Well, I am 5 months. Officially 19 weeks on Saturday. I am starting to show, but the roundness isn't quite there yet and I can't wait for it to get there because now it just looks like two big bulges from maybe eating too much pizza.

I go today to the ultrasound appointment where they look at the babe's brain, heart, spinal cord, and ...um...the other vital organs (I am reluctant to name them on here because I don't want my page to get added to google search for certain words...). So we find out today if we are having Liam Noble Johnson or Laurel Katharine Johnson!

Yup, those are the names. Liam is a name I have always, always loved and connected to and Noble is Chris' dad's name. Laurel is my grandmother's name and Katharine is my great-grandmother (grandmother's mother) and my sister's name.

We certainly didn't mean both names to have the letter 'L' but it worked out that way. And we certainly didn't mean to have a baby L and a kitty Lucy. Too many Ls!

Not really.

I have felt some movements that I suspect were baby bumpings but I am not sure and I haven't felt anything from the outside yet. I hope that changes soon too although I am not looking forward to getting kicked in the ribs. But ah well, not much one can do about it.

I will post pictures soon. I took some at my birthday of the belly and when I get the ultrasound stuff today,I will try to post those as well.

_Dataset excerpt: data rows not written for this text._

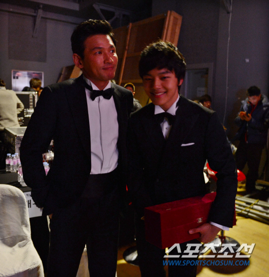 22일 오후 서울 경희대학교 평화의 전당에서 '제 34회 청룡영화상' 시상식이 열렸다. 시상식 무대 뒤에서 남우주연상을 받은 황정민과 신인상을 받은 여진구가 인사를 나누고 있다. 김경민 기자 kyungmin@sportschosun.com / 2013.11.22.
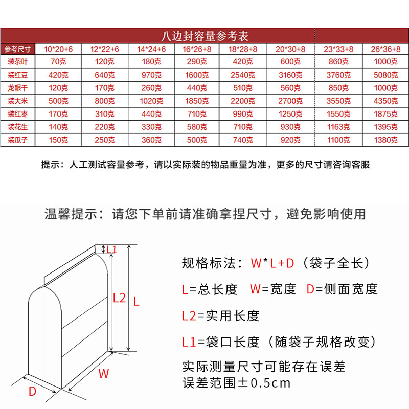 自封袋八边封透明食品包装加厚密封口袋干果零食茶叶牛皮纸收纳袋
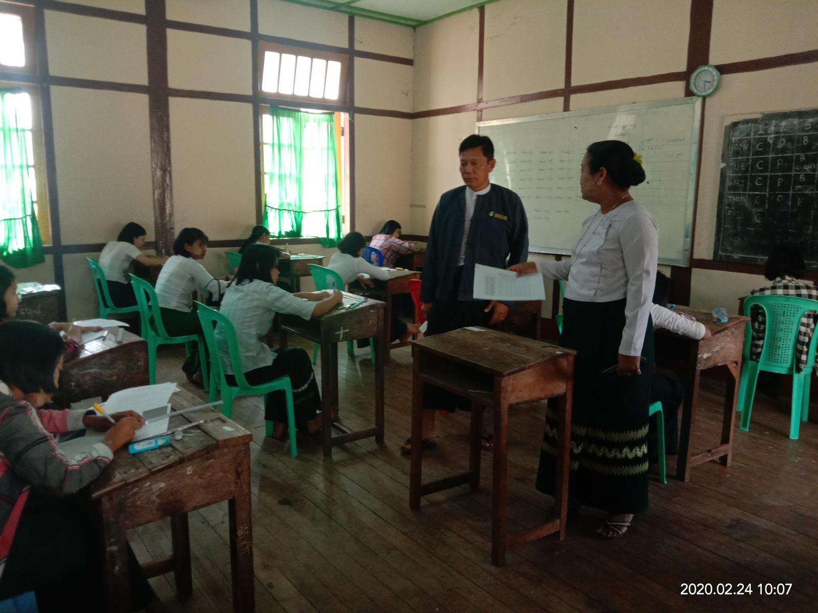ယင်းသို့ အတန်းတင်စာမေးပွဲ ဖြေဆိုရာသို့ သုံးခွမြို့နယ် ပညာရေးမှူး ဒေါ်သန်းသန်းမြင့်နှင့် တာဝန်ရှိသူများက ကွင်းဆင်းကြည့်ရှုစစ်ဆေးသည်။
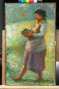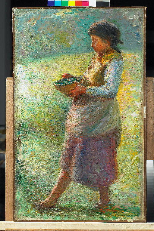 - NOTIZIE STORICO CRITICHE Con questo intimo capolavoro inedito Pasinetti si misura coerentemente e per la prima volta con la tecnica della divisione dei colori, adottata da alcuni pittori italiani nell'ultimo decennio dell'Ottocento sull'esempio del pointillisme francese. La giovane contadina, dall'aria timida e carezzevole, è osservata di profilo, in controluce, rivelando una gravidanza celata dall'ampio grembiule che ne impaccia i movimenti. Ma qualsiasi descrizione appare inutile quando pennello e spatola parlano da soli. La piccola sagoma della donna è infatti percorsa da un ventaglio cromatico, ostinatamente diviso in tocchi e filamenti di colori puri, solidi come smalto e talvolta mescolati direttamente sulla tela. Sicché la ricomposizione dell'insieme avviene a distanza, sulla retina dell'occhio, con esiti luminosi vibranti e di estrema suggestione in scoperto omaggio a Giovanni Segantini, il grande solitario divisionista, scomparso pochi anni prima nel 1899 (Boifava, 2007, p. 48).
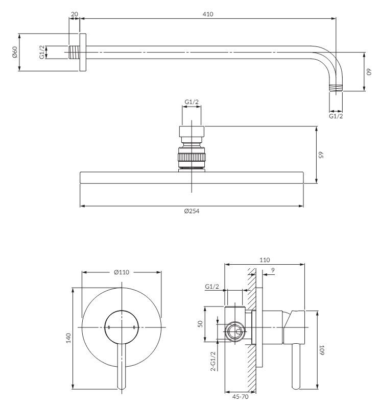 - podomietková sprchová batéria ( Y1245CR ), dva vstupy (pre horúcu a studenú vodu): 1/2", jeden výstup zmiešanej vody: 1/2", s účasťou je zapustený prvok
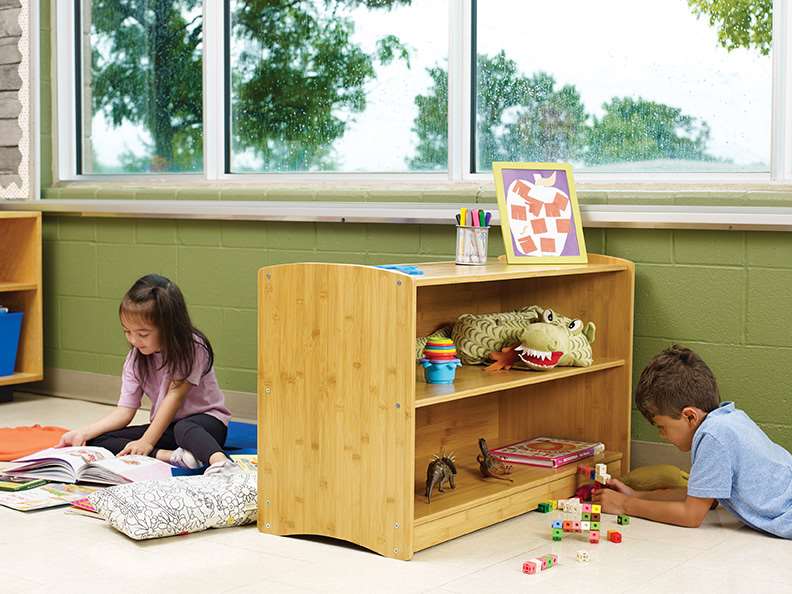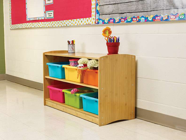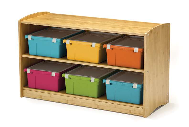 Bamboo is a renewable resource that grows quickly and sequesters carbon, unlike steel which produces carbon. The Bamboo Shelving Unit has a natural aesthetic suited for neutral and early childhood environments. With 2 shelves for storage and an included 6 tubs, this Bamboo Shelving Unit is at the ideal height for early childhood students and educators to access toys, books, and other supplies.

Other than all that, things are going well. I have only gained 5lbs during my entire pregnancy so far (I am hoping to keep it around 20lbs when all is said and done, but I am trying not to worry about it too much as well). I have been getting hungry about every two hours and I try to eat healthy stuff and lots of greens. Although I still have a little trouble digesting them smoothly.

House stuff is all right. I have someone from the City of Austin investigating who did work in our yard several years ago, it still smells from what we suspect is a leaky wastewater line. It is very frustrating because it creates this awful smell in the house too.

My family is helping us with the last bedroom this March where we will replace the window with a more efficient double-pane, low-E glass window, re-wire the room, put up a new ceiling fan, new sheetrock, new baseboards and trim and finally, new paint. Then it will be all ready to start acquiring stuff for the babe.

Then we just need to finish some minor details on the hallway floor, replace the old laminate flooring with new laminate, and then do some major cleaning ALL OVER THE HOUSE. I am talking about doors, cabinets, major scrubbing of the wood floors...I am going to be enlisting my friends and family who are known for their cleaning, work and motivation skills to help me on that project (ahem, Ann, G'ma, Katie and my mom).

And then there's the small, everyday realizations that Chris and I are going to be parents. The Cool! moments and the Ohmygod! moments.

Speaking of Chris, he has been the best throughout the whole pregnancy. I mean, he was the best before but now, wow.

He cooks every meal, makes sandwiches for me, cleans the litter, takes out the trash, does dishes and laundry, lets me sleep while we could do other things...and still tells me I am beautiful.

And even with those two separate bulges I was talking about earlier, I feel beautiful. At times, pregnancy feels weird and uncomfortable,but on the whole, it is beautiful.